Unnamed: 0_level_0,Measurement,Value,Line,Time
Timestamp,Unnamed: 1_level_1,Unnamed: 2_level_1,Unnamed: 3_level_1,Unnamed: 4_level_1
2022-07-01 00:03:37.553060,bad_count,1,line_1,12.179597
2022-07-01 00:17:15.964082,bad_count,0,line_1,6.34726
2022-07-01 00:23:36.799710,bad_count,0,line_1,5.812493
2022-07-01 00:30:39.753513,bad_count,1,line_1,14.820646
2022-07-01 00:45:28.992274,bad_count,0,line_1,6.682509


In [None]:
# count the total of bad units
failures = df_bad['Value'].sum()
failures

2119

In [None]:
# evaluate quality
quality_value = successes / (successes + failures)
quality_value

0.9805185253286752

In [None]:
# create function with all steps
def quality(df_count, line):
    # select count data from one line
    ind_line_1 = df_count['Line'] == line
    df_count_line_1 = df_count[ind_line_1]

    # evaluate successes
    ind_good = df_count_line_1['Measurement'] == 'good_count'
    df_good = df_count_line_1[ind_good]  
    successes = df_good['Value'].sum()

    # evaluate failures
    ind_bad = df_count_line_1['Measurement'] == 'bad_count'
    df_bad = df_count_line_1[ind_bad]
    failures = df_bad['Value'].sum()

    # return quality, successes, failures
    return successes / (successes + failures), successes, failures

In [None]:
# test for line_2
quality(df_count, 'line_2')

(0.9474229474229474, 69502, 3857)

### Performance

performance = ((successes + failures) / run_time) / ideal_run_rate – The machine's performance over the specified time interval as a percentage out of the ideal run rate (in seconds) for your process.
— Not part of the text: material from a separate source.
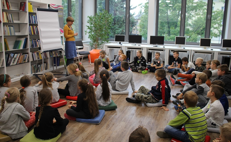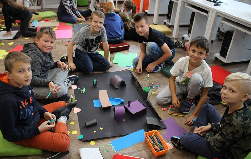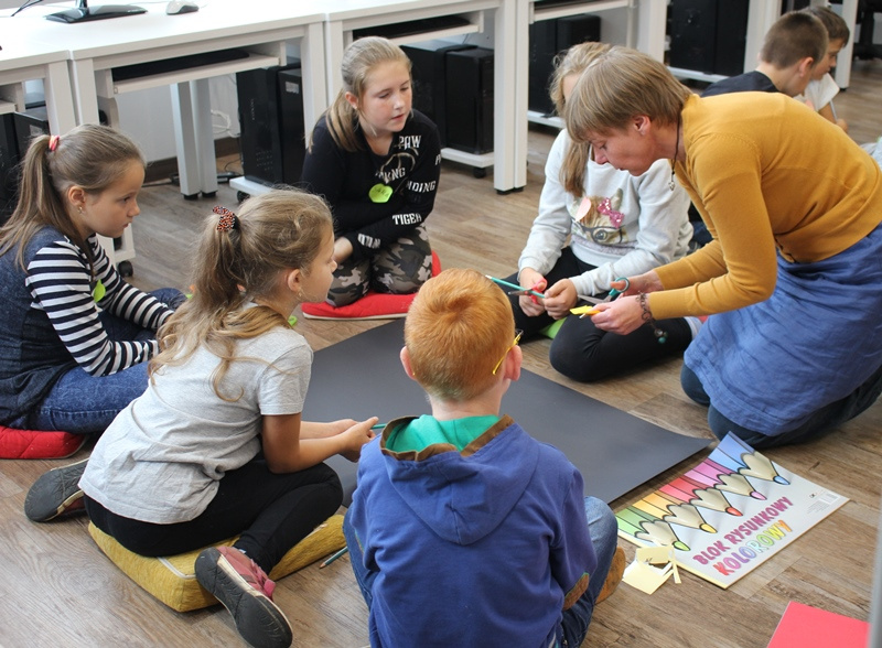 Jola Richter-Magnuszewska, czytając wiersze Danuty Wawiłow m.in. O rupakach, Jak tu ciemno!, Wieczór, wprowadziła uczestników warsztatów w magiczny nastrój nocy. Ilustratorka przekonała nas, że wbrew pozorom noc ma wiele barw i wcale nie jest czarna! Może być mroczna i pełna niezidentyfikowanych, przerażających dźwięków, albo wygodna, miękka i ciepła jak norka, w której można się ukryć. Może sprzyjać pojawianiu się przyjaznych i niezwykłych stworzeń, takich jak rupaki czy zwykłe jelonki. Młodzi ilustratorzy zainspirowani przeczytanymi tekstami i opowieściami artystki o tym, jak powstają ilustracje, stworzyli – najpierw w wyobraźni – obraz miasta nocą, a potem pracując w kilkuosobowych grupach przenieśli swoje wizje na karton. Powstały wspaniałe ilustracje i trójwymiarowe makiety.

Aim: build a function that receives the number of successes, number of failures, run_time, and the ideal_run_rate and returns the performance

In [None]:
# evaluate real_run_rate
real_run_rate = (successes + failures) / run_time # units per minute
real_run_rate

3.0951742102864337

In [None]:
# given ideal_run_rate, evaluate performance
ideal_run_rate = 3.4
performance_value = real_run_rate / ideal_run_rate
performance_value

0.9103453559665982

In [None]:
# create function with all steps
def performance(successes, failures, run_time, ideal_run_rate):
    # evaluate real_run_rate
    real_run_rate = (successes + failures) / run_time

    # return performance
    return real_run_rate / ideal_run_rate

In [None]:
# test for ideal_run_rate = 3.4
performance(successes, failures, run_time, 3.4)

0.9103453559665982

### OEE

oee = availability_value * quality_value * performance_value

Aim: build a function that joins all functions above and receives the df_state, df_count, ideal_run_rate, and line and returns the OEE.

In [None]:
# evaluate OEE based on the previous results
availability_value * quality_value * performance_value

0.7511153820084139

In [None]:
# create a function that runs all previous functions
def oee(df_state, df_count, ideal_run_rate, line):
    availability_value, run_time, down_time = availability(df_state, line)
    quality_value, successes, failures = quality(df_count, line)
    performance_value = performance(successes, failures, run_time, ideal_run_rate)

    return availability_value * quality_value * performance_value, availability_value, quality_value, performance_value

In [None]:
# test the function for ideal_run_rate = 3.4 and line 2
res = oee(df_state, df_count, 3.4, 'line_2')
print(f'OEE: {res[0]}, Availability: {res[1]}, Quality: {res[2]}, Performance: {res[3]}')

OEE: 0.4895043260683762, Availability: 0.6646911785927448, Quality: 0.9474229474229474, Performance: 0.7773072522596172


# Possible improvements


* Include period selection in the function, so it would be possible to evaluate OEE by day, for example.
* Calculate OEE for all available lines automatically.